FIRST QUARTER 2016 PORTFOLIO DEVELOPMENTS
During the quarter, Shell completed the acquisition of BG for a
purchase consideration of $54,034
million. This includes cash of $19,036 million, and the fair value ($34,050 million) of 1,523.8 million shares issued
in exchange for all BG shares. Following completion of the
acquisition on February 15, 2016, BG
was consolidated within Shell's results. For practical purposes,
this includes February and March
2016, as the impact for the first half of February is deemed
immaterial.
The consolidation of BG resulted in an increase to first quarter
2016 cash flow from operating activities of $0.8 billion and an increase to CCS earnings
attributable to shareholders excluding identified items of
$0.2 billion.
Goodwill of $9,024 million was
recognised on the acquisition, being the excess of the purchase
consideration over the fair value of net assets acquired (see Note
2).
Shell completed the United
Kingdom office footprint review announced during the final
stages of the BG combination. The outcomes of the review are
subject to appropriate engagement with employees and employee
representatives. The review recommended a consolidation of all
Shell's London and South East
based operations into Central
London with the intention to close the Thames Valley Park
office in Reading by the end of 2016. The review also recommended
that all Aberdeen-based onshore
operations move to the Shell Aberdeen Tullos office, with BG's
offices at Albyn Place closing by 2016 and the closure of Shell's
Brabazon House office in Manchester by the end of 2017.
Integrated Gas
During the quarter, first LNG production was achieved at the
non-operated Gorgon project (Shell interest 25%) on Barrow Island,
offshore Australia. Subsequent to
first LNG cargo delivery, LNG production was temporarily halted due
to mechanical issues with the propane refrigerant compressor on
Train 1.
In Australia, the Browse Joint
Venture participants (Shell interest 27%) decided not to progress
with the development concept being studied for the resource as it
did not meet commercial requirements for a positive final
investment decision ("FID"), considering the current economic and
market environment.
In Indonesia, INPEX as operator
of the Abadi field (Shell interest 35%) received a notification
from the Indonesian government authorities instructing to
re-propose a plan of development based on onshore LNG for the Abadi
LNG project. Shell and INPEX remain committed to work together with
the Government of Indonesia to
ensure that the Abadi project moves forward to optimally develop
the Abadi gas reserves in a manner that benefits all.
Upstream
In Brazil, Shell announced the
start of oil production from the third phase of the deep-water
Parque das Conchas BC-10 development (Shell interest 50%) in the
Campos basin.
Also in Brazil, the seventh
non-operated FPSO, Cidade de Maricá, (Shell interest 25%) reached
first oil in the BM-S-11 block of the Santos Basin, offshore
Brazil. The FPSO has a production
capacity of 150 thousand barrels per day.

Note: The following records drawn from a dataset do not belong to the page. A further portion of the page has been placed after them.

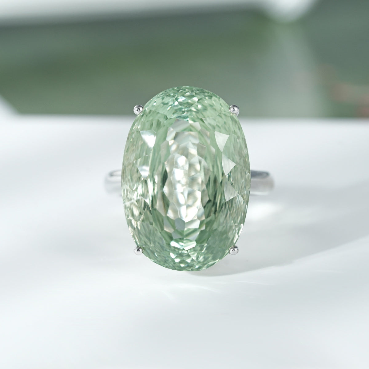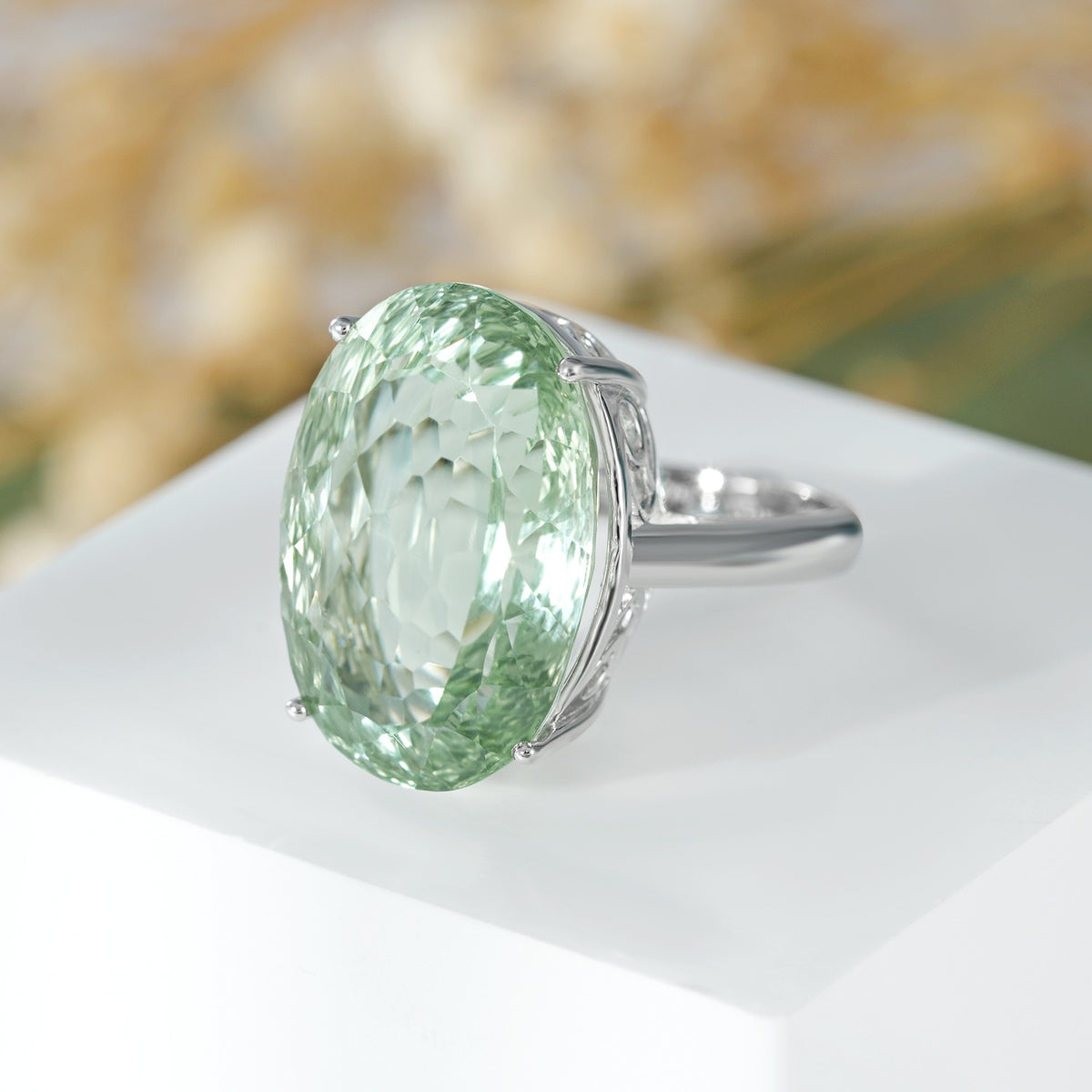 S925 Sterling Silver Green Amethyst Ring For Women Luxury Premium Retro Gem
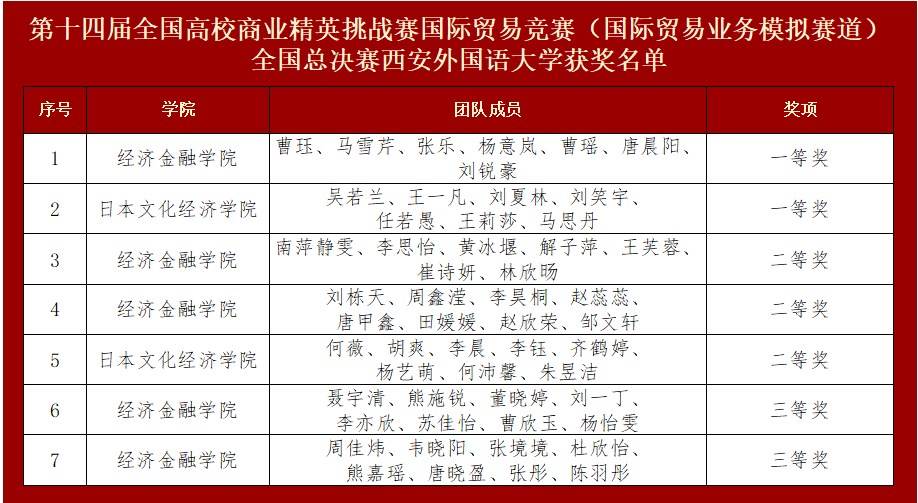 近日,2024年第十四届全国高校商业精英挑战赛国际贸易竞赛(国际贸易业务模拟赛道)全国总决赛落下帷幕。经过激烈角逐,我校参赛队伍再创佳绩,共斩获7项国家级奖项,其中一等奖2项、二等奖3项以及三等奖2项。
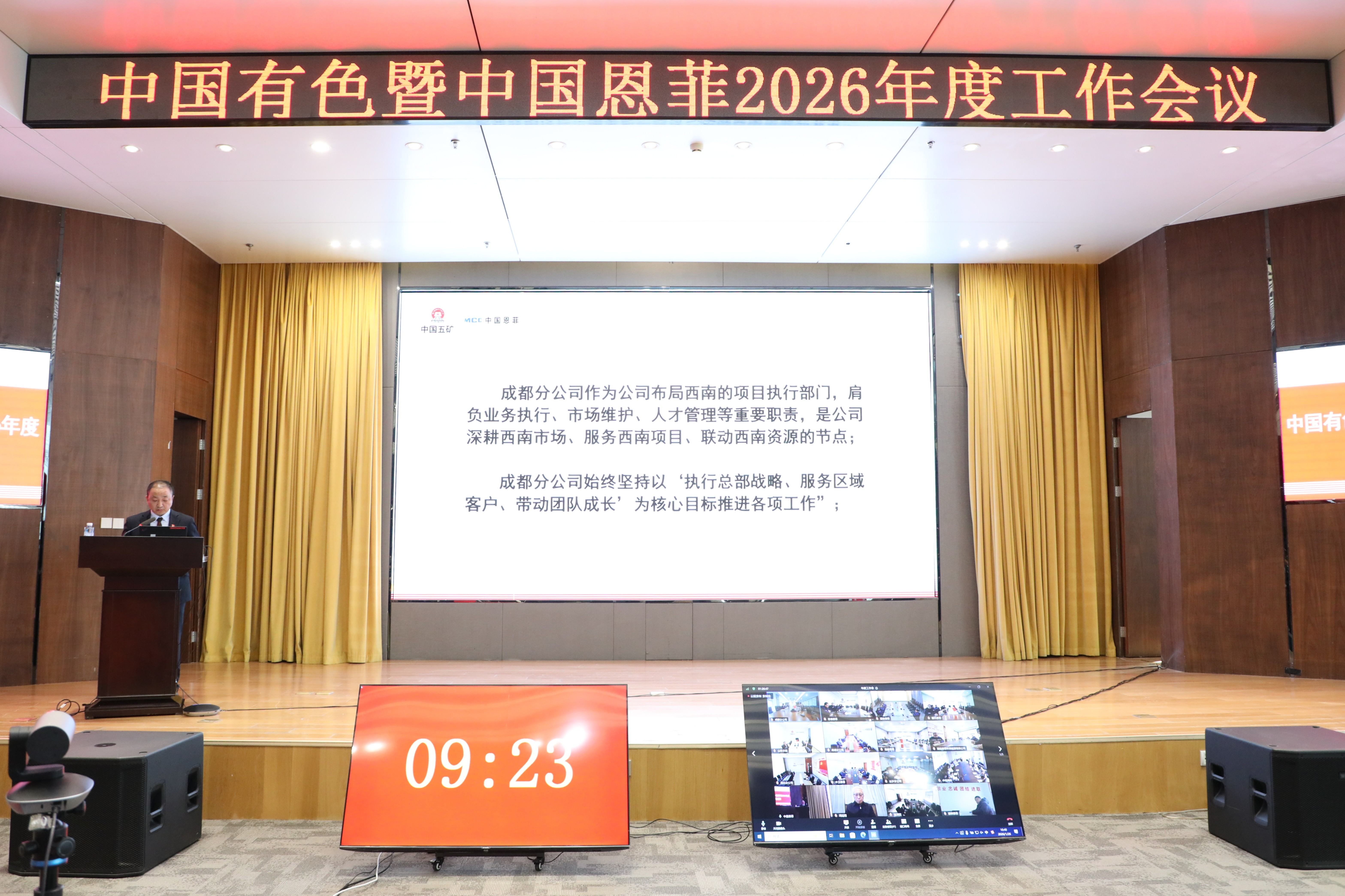1月26日,中國(guó)有色暨中國(guó)恩菲召開2026年度工作會(huì)議。公司黨委書記、董事長(zhǎng)劉誠(chéng)出席會(huì)議并講話,黨委副書記、總經(jīng)理鮑巍作工作報(bào)告,總會(huì)計(jì)師、副總經(jīng)理張雁鏑宣讀表彰決定,黨委副書記張合文主持會(huì)議。公司外部董事視頻參會(huì),公司領(lǐng)導(dǎo)班子成員出席會(huì)議。
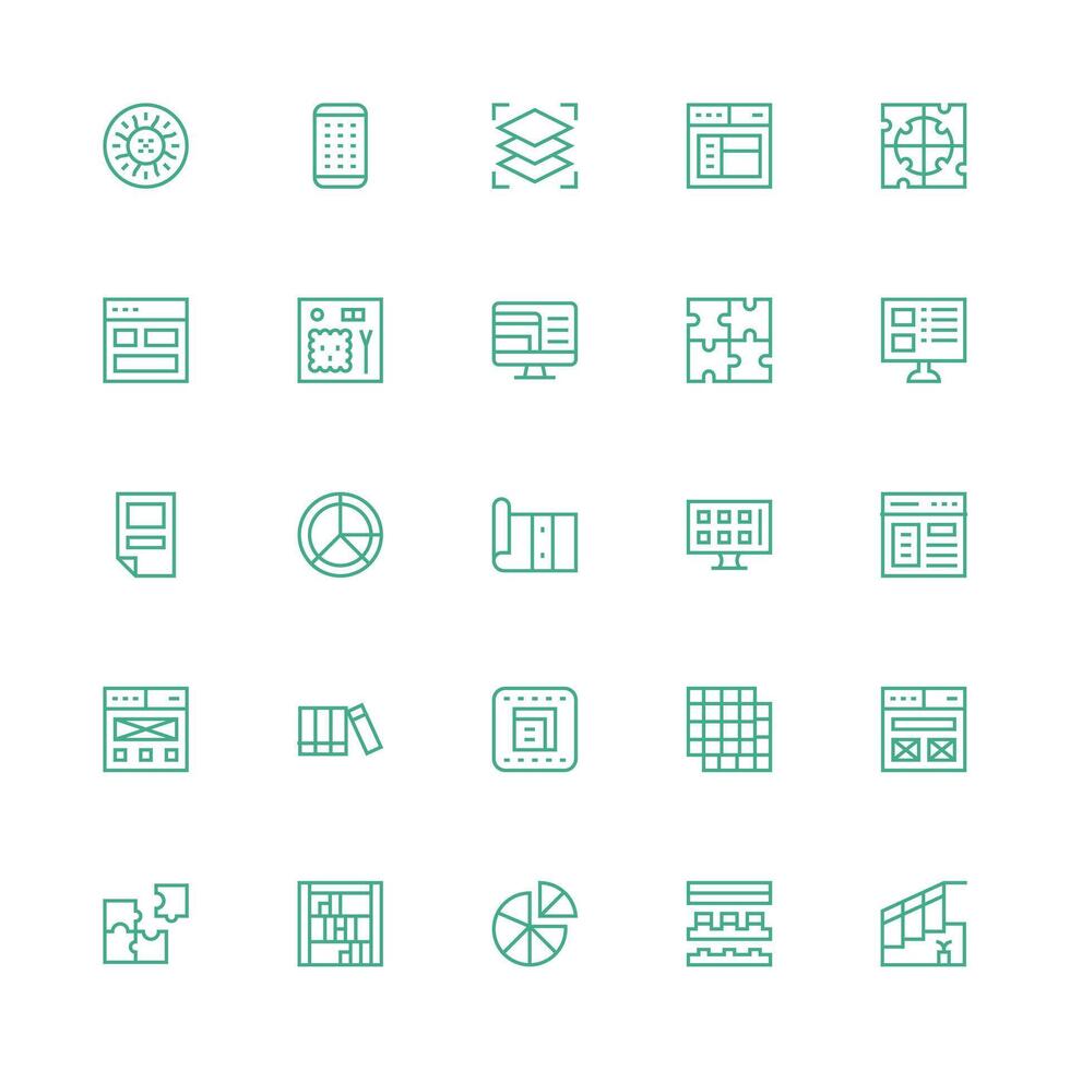 25 Medium Stroke Outline Style Icons from Sections Collection Quick Access Icons for UI Development vector

Shell announced that it has decided to exit the joint
development of the Bab sour gas reservoirs (Shell interest 40%)
with ADNOC in the emirate of Abu Dhabi,
United Arab Emirates, and to stop further joint work on the
project. This reflects the economic climate prevailing in the
energy industry.
In the United Kingdom, Shell
has agreed to sell its 7.59% interest in the Maclure oil and gas
field in the North Sea for a purchase consideration of some
$24 million. Completion is subject to
necessary approvals.
Shell had continued success in its exploration programme with 10
discoveries and appraisals in Brunei, Egypt, Malaysia, Nigeria, Oman, and the United
States. This included a notable oil discovery in
the United States with the
non-operated Kepler North well (Shell interest 50%) in the
Gulf of Mexico, and a notable gas
discovery with the non-operated Jerun-1 well (Shell interest 30%)
in Malaysia.
Upstream divestments totalled some $38
million for the first quarter 2016 and reflected, among
others, the first tranche of the sale proceeds of the Anasuria
development in the North Sea.
Downstream
During the quarter, Shell announced a conditional agreement for
the sale of its 51% shareholding in the Shell Refining Company in
Malaysia for $66 million. The transaction is expected to
complete in 2016, subject to regulatory approval.

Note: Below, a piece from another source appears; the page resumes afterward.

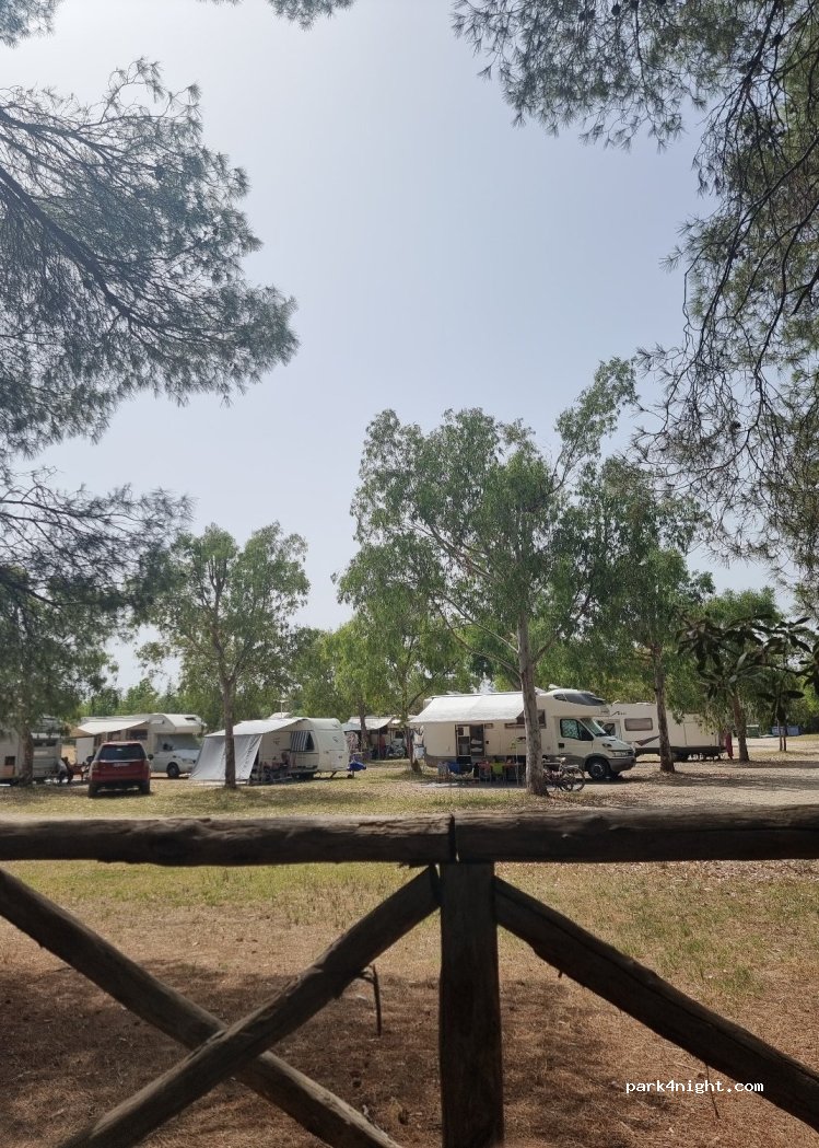 Area sosta 25 euro al giorno. spartano ma con tutti i servizi. 2 euro carico acqua potabile. Abbastanza ombreggiato. Spiaggia raggiungibile dopo passeggiata di 5 minuti sotto una fitta pineta. Alla reception potete chiedere per percorso avventura attrezzato, passeggiate con un bellissimo cavallo di nome Fulmine. All'interno della pineta tavoli da pic nic e parco giochi.

In the United States, Shell
announced that it has signed a non-binding Letter of Intent to
divide the assets of Motiva Enterprises LLC. The Motiva joint
venture was formed in 1998 and has operated as a 50/50 refining and
marketing joint venture between Saudi Arabian Oil Company and Shell
since 2002. In the proposed division of assets, Shell will assume
sole ownership of the Norco,
Louisiana refinery (where Shell operates a chemicals plant),
the Convent, Louisiana refinery,
nine distribution terminals, and Shell branded markets in
Florida, Louisiana, and the Northeastern region. Saudi
Refining Inc. will retain the Motiva name, assume sole ownership of
the Port Arthur refinery in
Texas, retain 26 distribution
terminals, and have an exclusive licence to use the Shell brand for
gasoline and diesel sales in Texas, and in the majority of the Mississippi
Valley, the Southeast and Mid-Atlantic markets.
Also in the United States,
Shell completed the sale of an additional 4.66% interest in Shell
Midstream Partners, L.P. to public investors via the issuance of an
additional 13,400,000 LP units for net proceeds of $421 million.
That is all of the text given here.